As NASA lies mostly dormant amid the U.S. government shutdown, scientists are challenging a Congressional ban on the use of its facilities by Chinese nationals. The restriction has left Chinese researchers barred from a major conference next month on the agency’s Kepler space telescope program. From Ian Sample at The Guardian:
Geoff Marcy, an astronomy professor at the University of California, Berkeley, who has been tipped to win a Nobel prize for his pioneering work on exoplanets, or planets outside the solar system, called the ban “completely shameful and unethical”.
In an email sent to the conference organisers, Marcy said: “In good conscience, I cannot attend a meeting that discriminates in this way. The meeting is about planets located trillions of miles away, with no national security implications,” he wrote.
“It is completely unethical for the United States of America to exclude certain countries from pure science research,” Marcy told the Guardian. “It’s an ethical breach that is unacceptable. You have to draw the line.”
[…] Sir Martin Rees, Britain’s astronomer royal, said he “fully supported” Marcy’s position and called the ban “a deplorable ‘own goal’ by the US”. [Source]
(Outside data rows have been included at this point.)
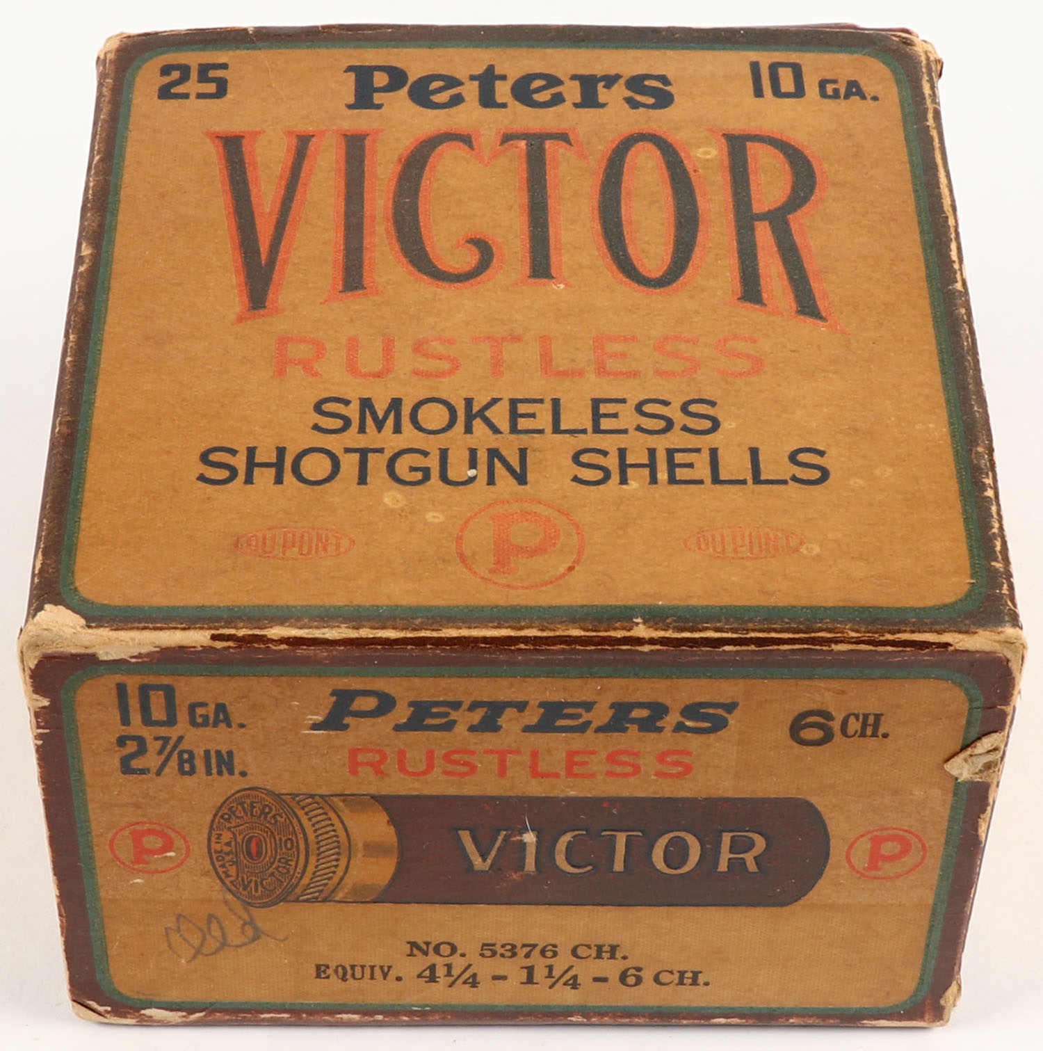 Peters Cart. Div., Victor, Rustless, 10ga., 1pc., Full, shot size 6CH, Maroon, cream & orange box, 2 7/8'', box has light edge wear & light soiling with very nice colors, paper shells are excellent. Grade: Very Good ++ - Value: 50 to 150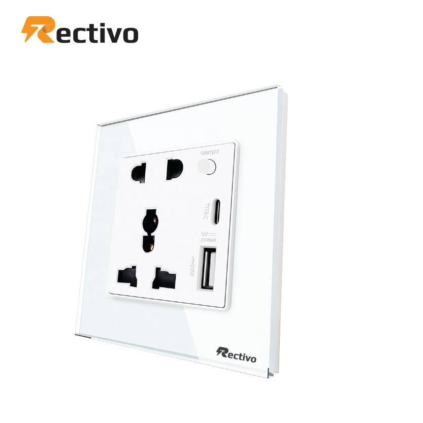 Glass Border 5 Pin Socket with Type C and USBRectivo Glass Border 5 Pin Socket with Type C and USB Port (White)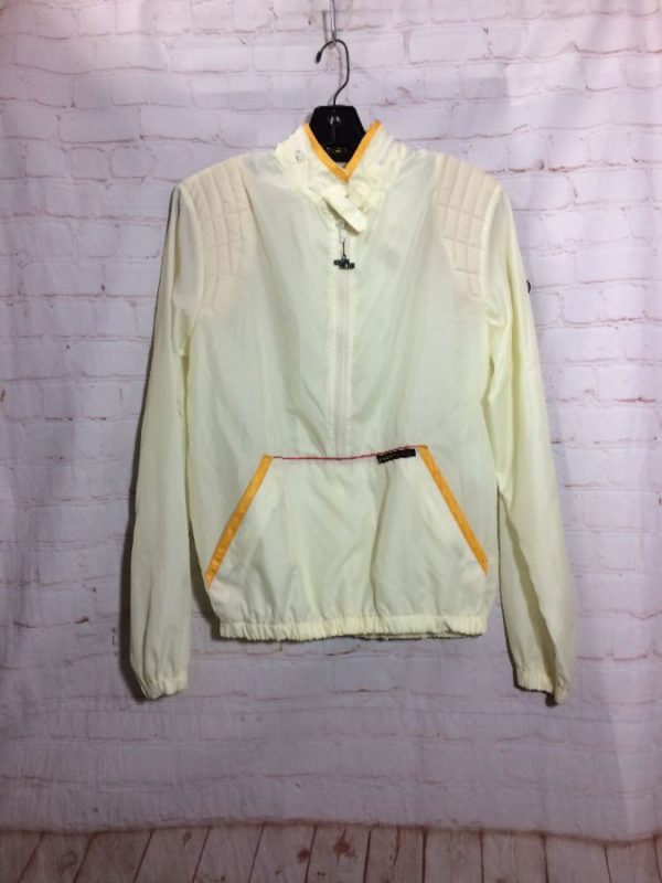 Style Auto windbreaker racing jacket, nylon, pullover, 1/2 zip-up, hideaway hood, 2 front pockets, contrasting trim on neck and pockets, horizontal stripe connecting top of pockets, quilted fabric on shoulders, embroidered logo shoulder patch, elastic at cuffs & hem, off white/yellow/red, size XS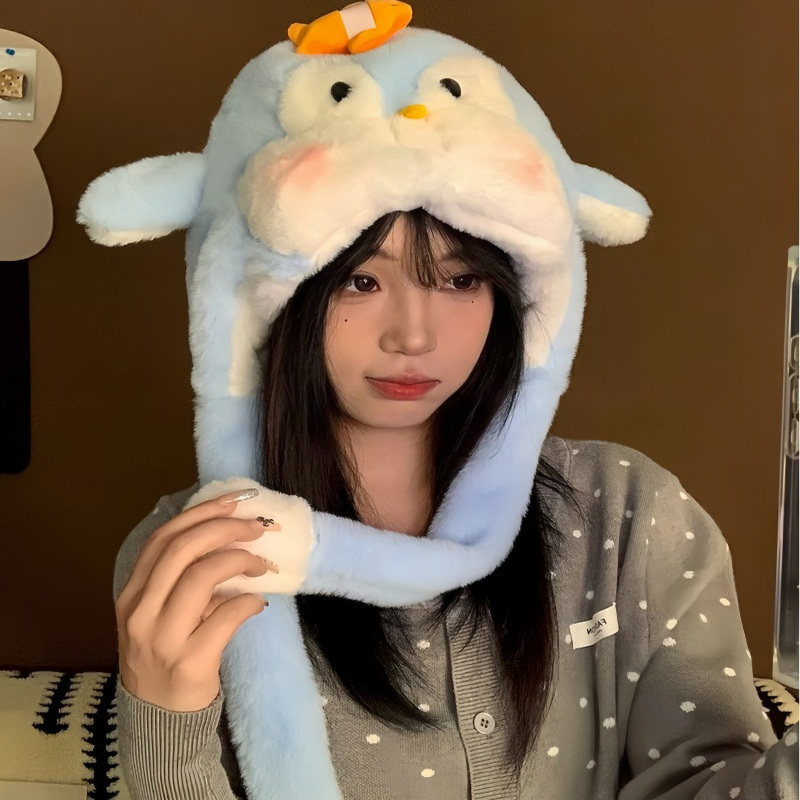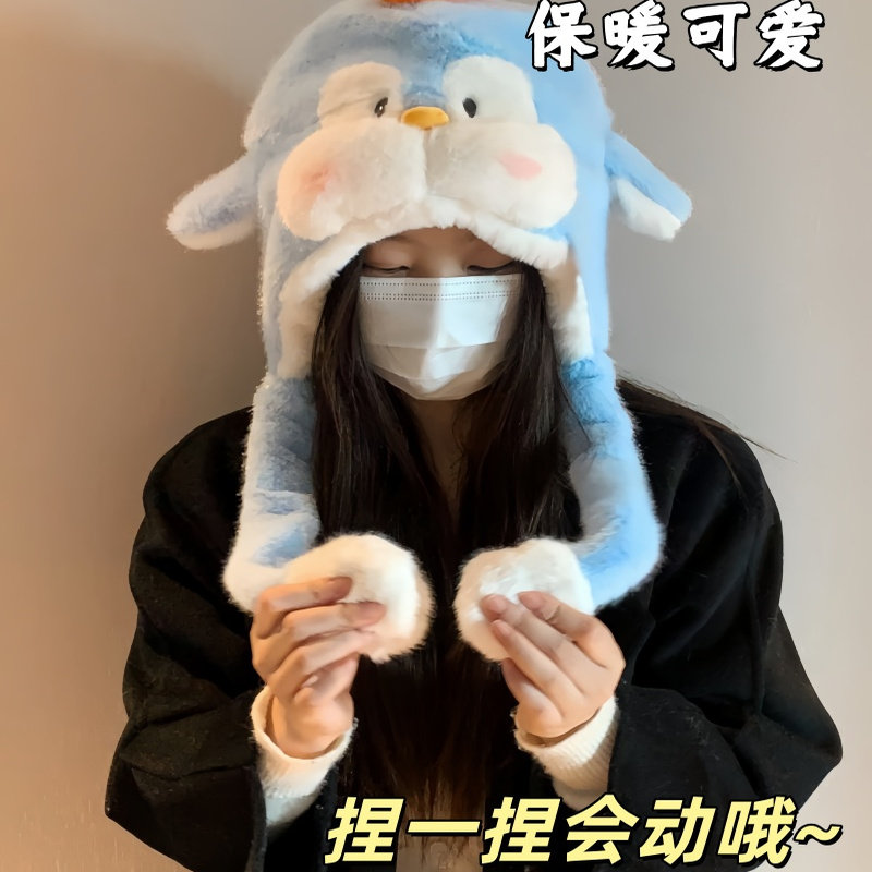 📚 可爱卡通捏一捏企鹅毛绒雷锋帽女秋冬加厚保暖护耳帽子百搭显脸小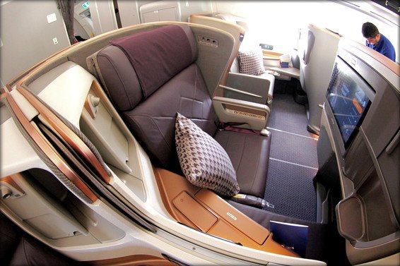 The seat resembles the Cathay Pacific mini-suites to an extent, but there are some drawbacks. You can't fully recline the seat into a bed without the help of a flight attendant; the flight attendants are eager to help so it isn't a big deal, but I prefer to be my 'own boss'. Plus the seat just has a small recline when not fully flat.
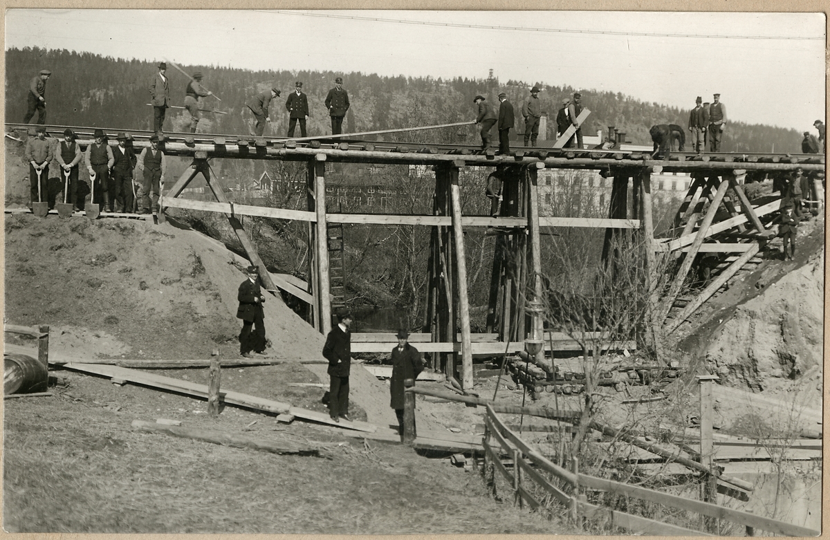 Arbete med ny järnvägsbro efter raset vid Sidsjöbäcken, Sundsvall.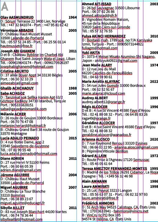 Précision (voir capture d'écran) : mes colonnes de texte sont chainées entre elles, pour que le texte coule de page en page, et je ne peux pas créer plusieurs blocs de texte les uns sous les autres car la longueur des coordonnées diffère d'un nom à l'autre.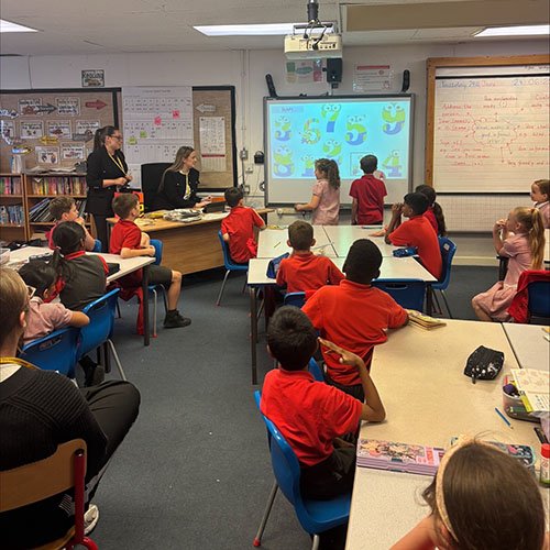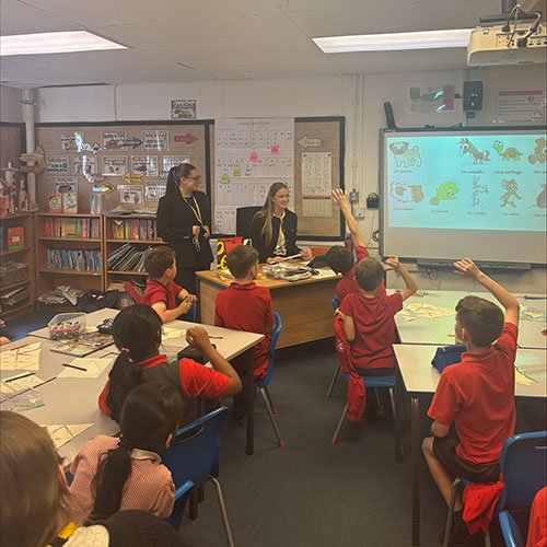 Two A Level Spanish students represented the college as language leaders at Blessed Sacrament Primary School.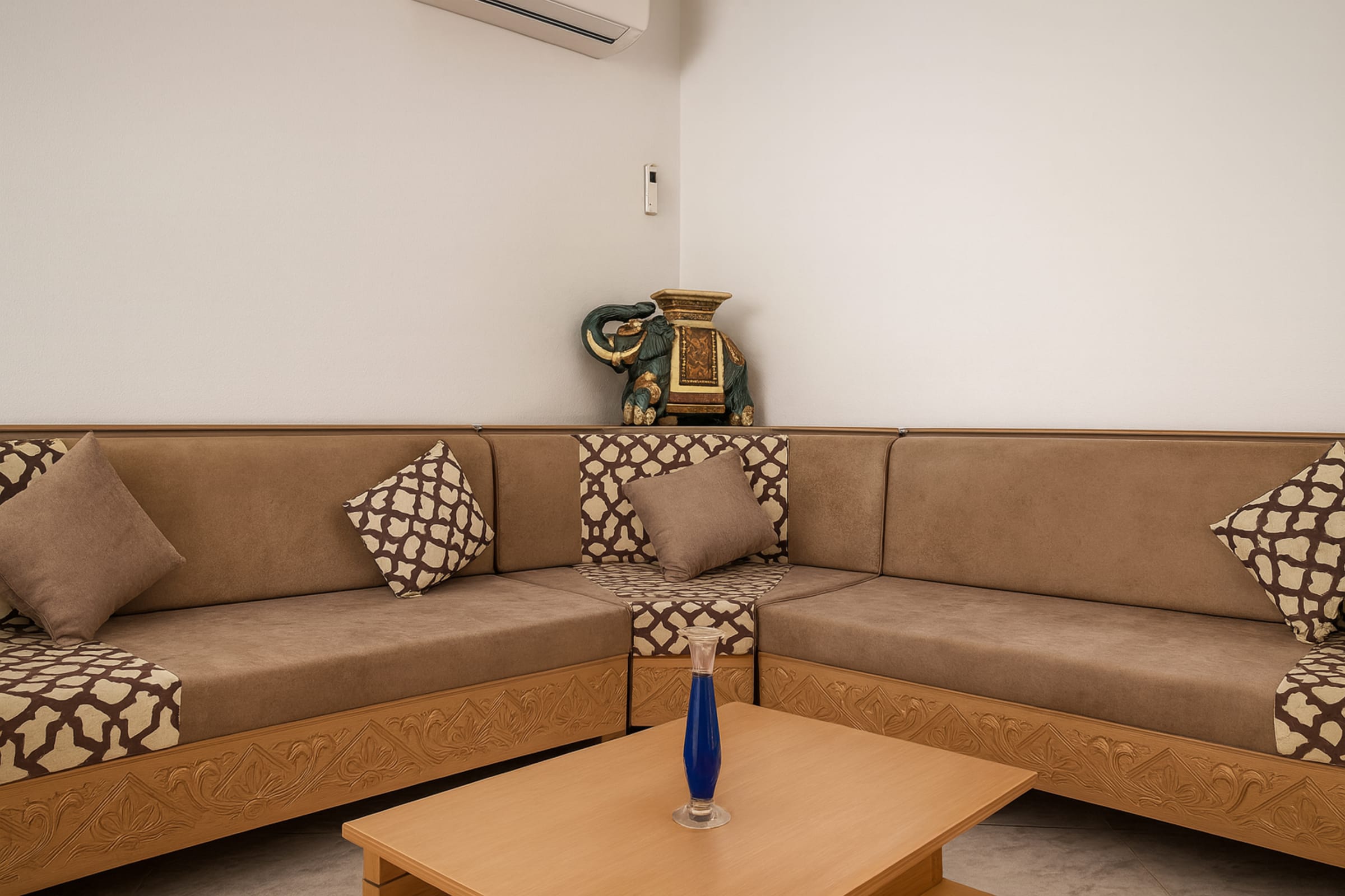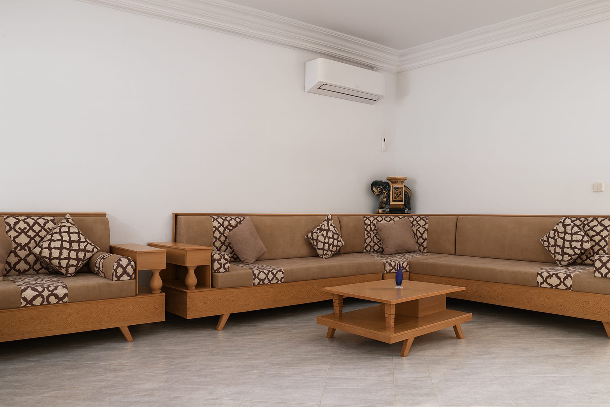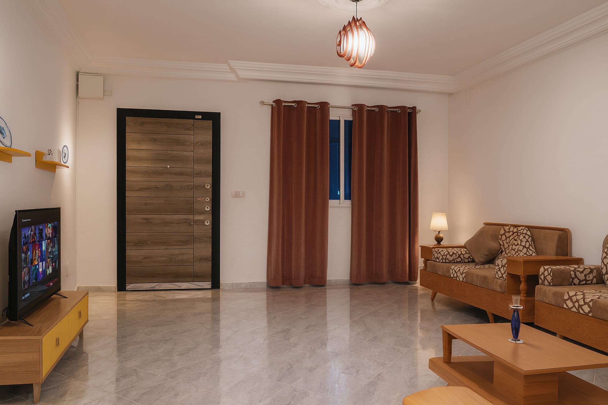 Dès votre entrée, un grand salon lumineux vous accueille avec une décoration chic et contemporaine. Cet espace est doté d’une Smart TV grand écran avec toutes les applications intégrées, offrant un véritable espace de divertissement. Les larges baies vitrées laissent entrer la lumière naturelle et offrent une belle vue sur l’extérieur, créant une atmosphère apaisante.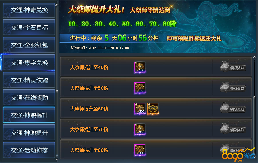 【活动内容】:大祭师提升拿大礼! 活动期间,大祭师等阶达到10、20、30、40、50、60、70、80级,即可领取目标返还大礼;
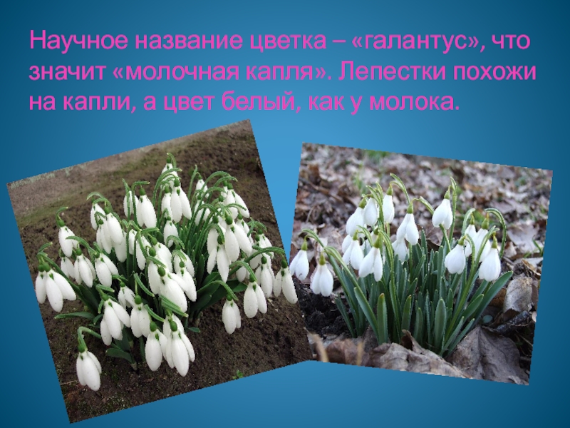 Слайд 6Научное название цветка – «галантус», что значит «молочная капля». Лепестки похожи

The ban is one of a range of measures which almost entirely blocks NASA from cooperating with China as it did with the Soviet Union through much of the Cold War. While aimed at preventing technology theft, the restrictions have been accused of squandering major opportunities and compromising long-term American interests. The rules are not of NASA’s own choosing: carefully skirting them at the 64th International Astronautical Congress in Beijing last month, NASA chief Charles Bolden spoke of “highly serious” intentions for future collaboration, although considerable skepticism lingers. Meanwhile, China’s own space program is advancing on several fronts.